As a “what you see is what you get” kind of gal that communicates in a plain and direct “tell it like it is” or “call it like I see it” style, the opinions I’m about to share may not appeal to those with different sensibilities. For that reason, the following serves as a disclaimer should you continue reading: “Be who you are and say what you feel, because those who mind don’t matter and those who matter don’t mind.” Dr. Seuss

In what resembles an OCD pattern, my brain seems to have a ravenous appetite compelling me to consume an inordinate amount of business related and current events content on a constant basis. Others play sports, video games or engage is assorted hobbies to chill out, but that stuff doesn’t appeal to me at all. Being a non-athletic, non-competitive type and a gigantic geek, reading for enjoyment and to stay informed about the world around me is how I tend to spend any free moments. I seek out sources of new data and diverse views on assorted topics pertaining to my profession as well as plenty of other entirely unrelated topics.

Periodically, I encounter articles by various individuals that some refer to as thought-leaders. I have no issues with these folks per se, but strong individualistic tendencies prevent me from gushing all over them like a hysterical teeny-bopper at their favorite pop star’s concert.

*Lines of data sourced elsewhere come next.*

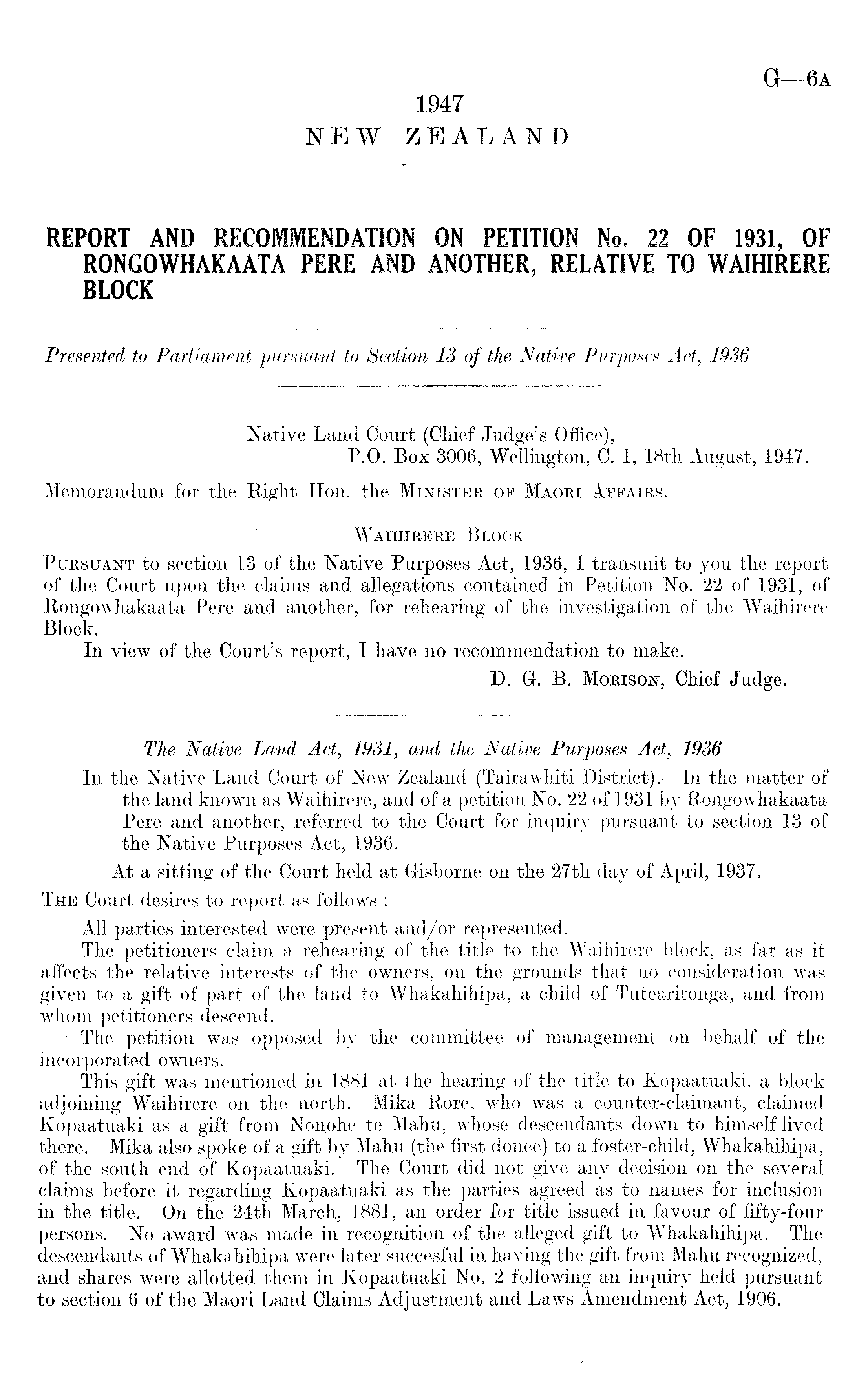 The Native Land Act, 1931, and the Native Purposes Act, 1936 In the Native Land Court of New Zealand (Tairawhiti District). —In the matter of the land known as Waihirere, and of a petition No. 22 of 1931 by Rongowhakaata Pere and another, referred to the Court for inquiry pursuant to section 13 of the Native Purposes Act, 1936. At a sitting of the Court held at Grisborne on the 27th day of April, 1937. The Court desires to report as follows All parties interested were present and/or represented. The petitioners claim a rehearing of the title to the Waihirere block, as far as it affects the relative interests of the owners, on the grounds that no consideration was given to a gift of part of the land to Whakahihipa, a child of Tutearitonga, and from whom petitioners descend. The petition was opposed by the committee of management on behalf of the incorporated owners. This gift was mentioned in 1881 at the hearing of the title to Kopaatuaki, a block adjoining Waihirere on the north. Mika Rore, who was a counter-claimant, claimed Kopaatuaki as a gift from Nonohe te Mahu, whose descendants down to himself lived there. Mika also spoke of a gift by Mahu (the first donee) to a foster-child, Whakahihipa, of the south end of Kopaatuaki. The Court did not give any decision on the several claims before it regarding Kopaatuaki as the parties agreed as to names for inclusion in the title. On the 24th March, 1881, an order for title issued in favour of fifty-four persons. No award was made in recognition of the alleged gift to Whakahihipa. The descendants of Whakahihipa were later succesful in having the gift from Mahu recognized, and shares were allotted them in Kopaatuaki No. 2 following an inquiry held pursuant to section 6 of the Maori Land Claims Adjustment and Laws Amendment Act, 1906.
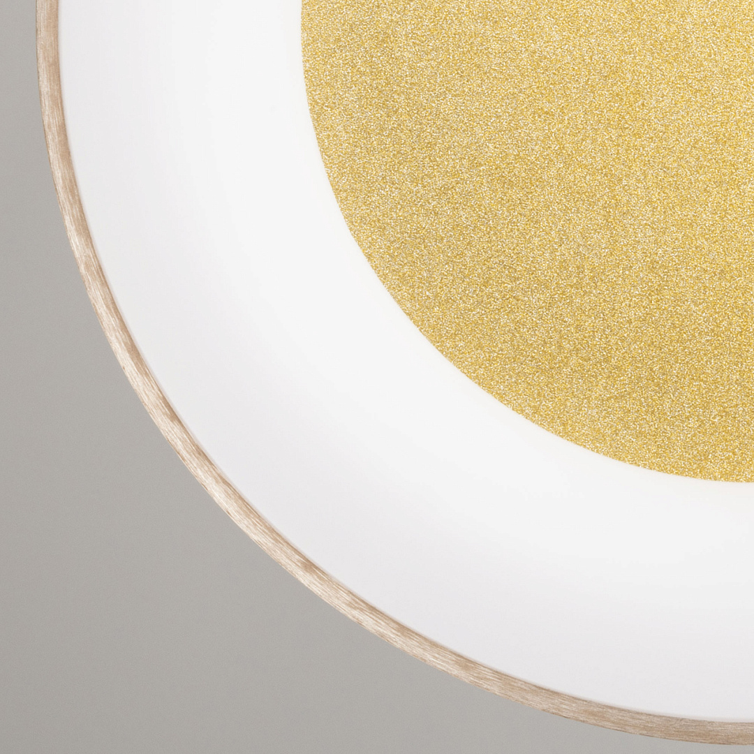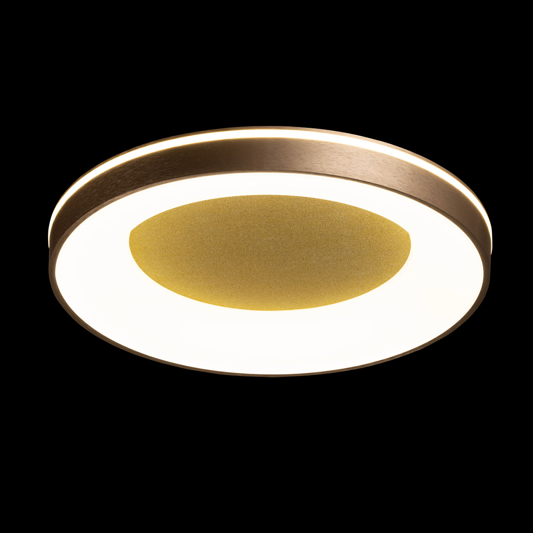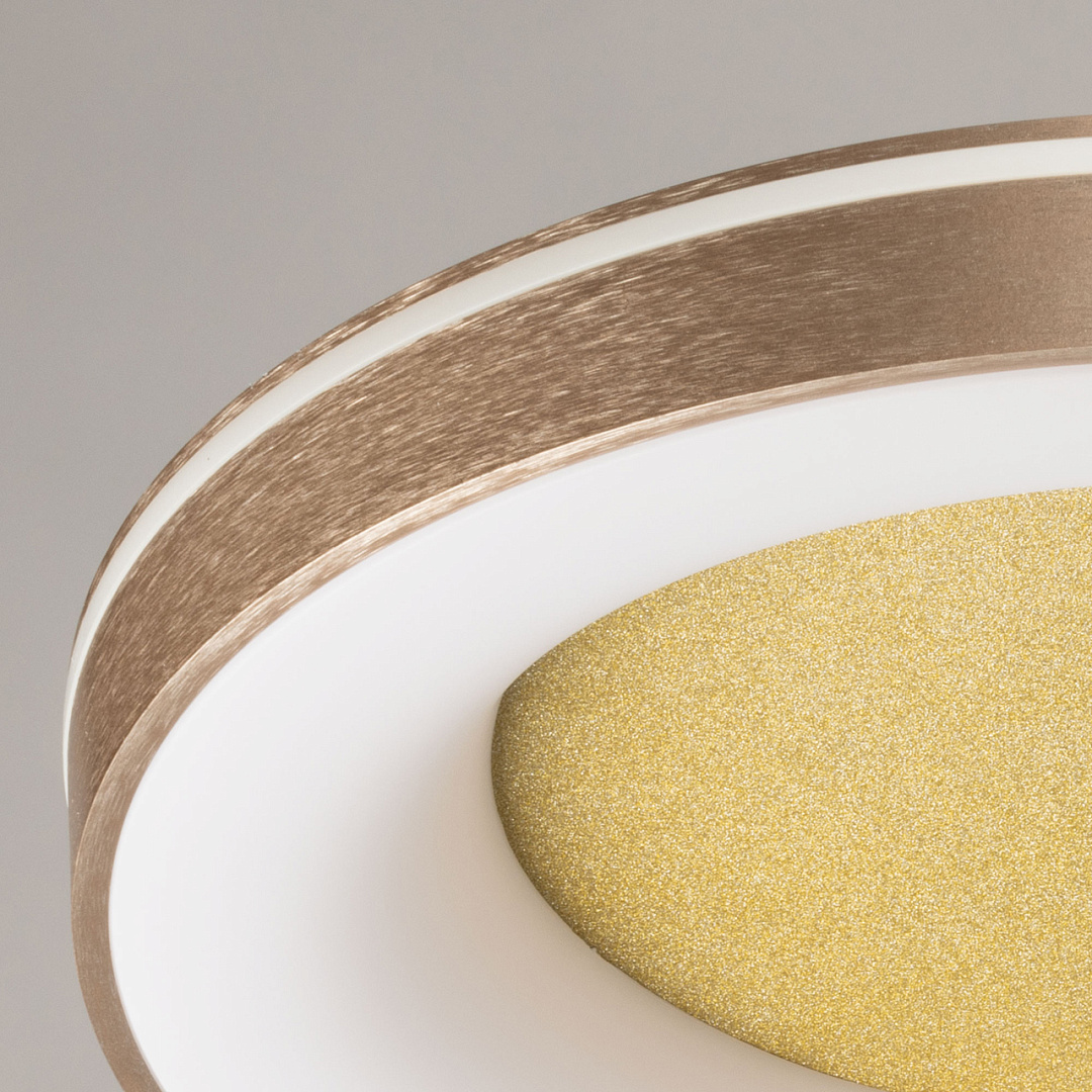 Универсальная модель светильника прекрасно подойдет к любому цветовому решению интерьера. Золотая пластина создает дополнительный декоративный эффект. Белый акрил позволяет мягко рассеивать свет. Многорежимность с изменением цветовой температуры от 3000К до 6500К является элементом светодизайна и позволяет подобрать комфортную температуру света. Качественные светодиоды и корпус из сплава алюминия обеспечивают яркое освещение и долгий срок службы. Наличие ПДУ обеспечивает комфортное переключение режимов освещения. Компактный светильник для стандартной высоты потолка. Светодиодные источники света экономичны и безопасны.
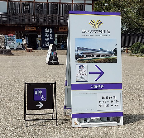 おみやげ物屋さんがあったけど、その前に「西の丸御蔵城宝館」の看板。
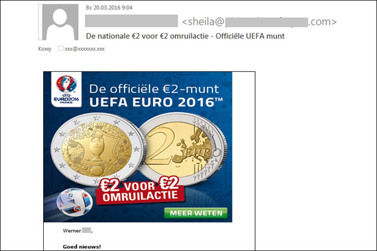В частности, зафиксированы массовые рассылки фальшивых уведомлений о крупном денежном выигрыше в лотерею, посвящённую предстоящему спортивному событию. Содержание вложений стандартное: лотерея была проведена уполномоченной организацией, адрес получателя был случайно выбран из большого количества электронных адресов, а для получения выигрыша необходимо ответить на письмо и предоставить необходимую персональную информацию.
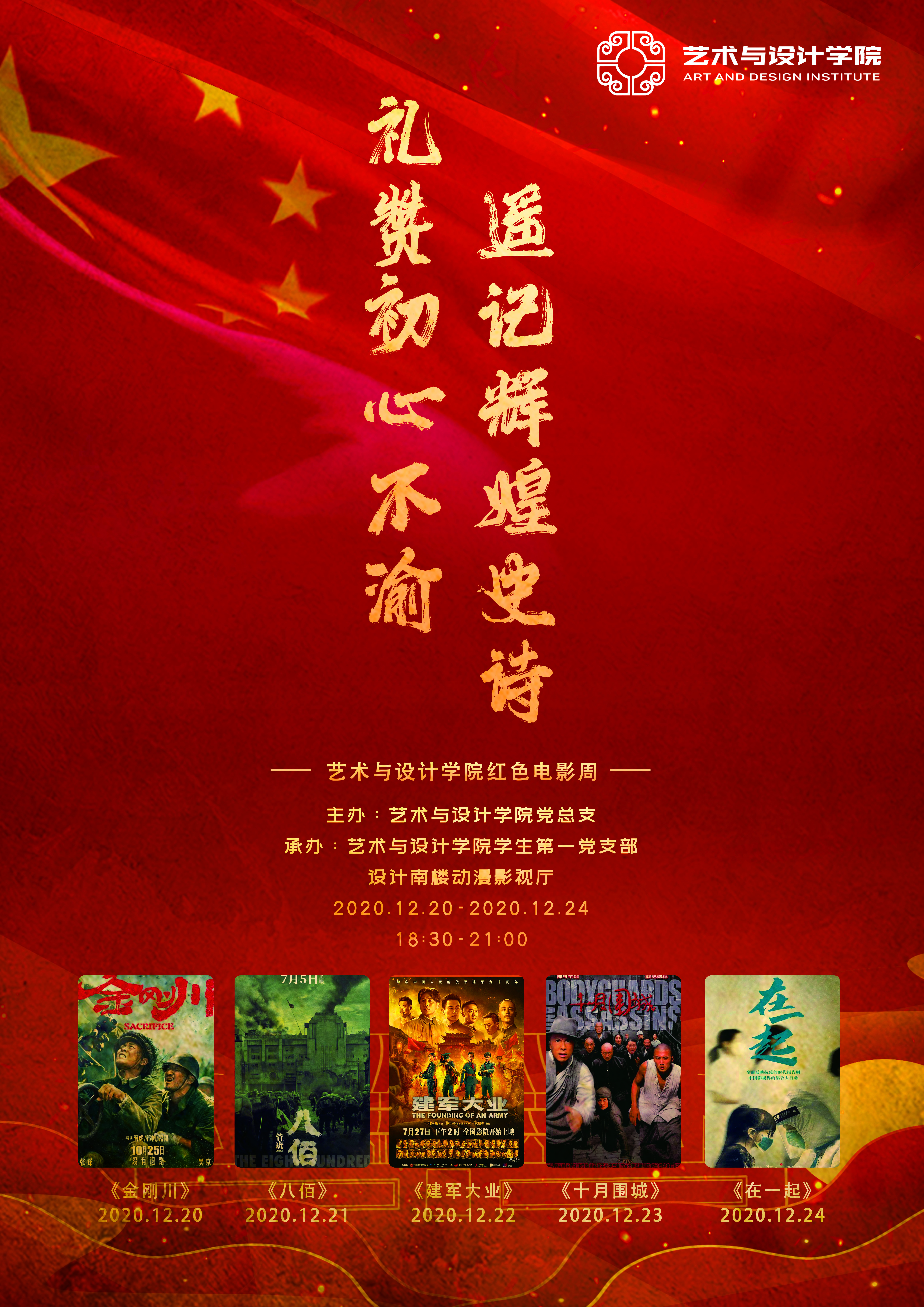 为弘扬爱国主义精神,鸣奏时代赞歌,艺术与设计学院于12月20日正式启动了第二届红色主题电影周活动。通过观看红色主题电影,让青年学生深入了解党史、增强党性修养、筑牢理想信念,引导同学们自觉将个人成长与国家发展、社会进步、时代使命紧密联系,为“中国梦”的实现贡献青春力量。

It’s rare to discover something that isn’t derivative of an existing perspective or a just a more clever arrangement of vocabulary to describe a familiar theme.

Lately, much of the published material I read is not particularly noteworthy, interesting or informative. There has been a dramatic shift away from quality to quantity, frequency and immediacy. Certain people or publications seem to have become obsessed with remaining omnipresent as if activity and visibility somehow equates to relevance and validity. Nope, this would a case for less is more if there if ever was one…

Actually, that is what deters me from writing more often. Just because I’m continuously observing, absorbing and reflecting doesn’t mean my thoughts need to transfer from my noggin to my keyboard. To me, writing means sharing my unique point of view and independent opinions with the full expectation and acceptance that others may reject the drumbeat I march to. With that in mind, please ponder a few poignant words from Kurt Cobain: “I’d rather be hated for what I am than loved for what I am not.”

The fact that most members of our society seem to have an insatiable craving for the ideas, ideology and intellect that others possess rather than thinking for themselves is rather disturbing. It is incredibly common for citizens to vote politicians into office based on talk show hosts’, actors’, athletes or musicians’ endorsements rather than learning what they need to know to make an informed decision on their own.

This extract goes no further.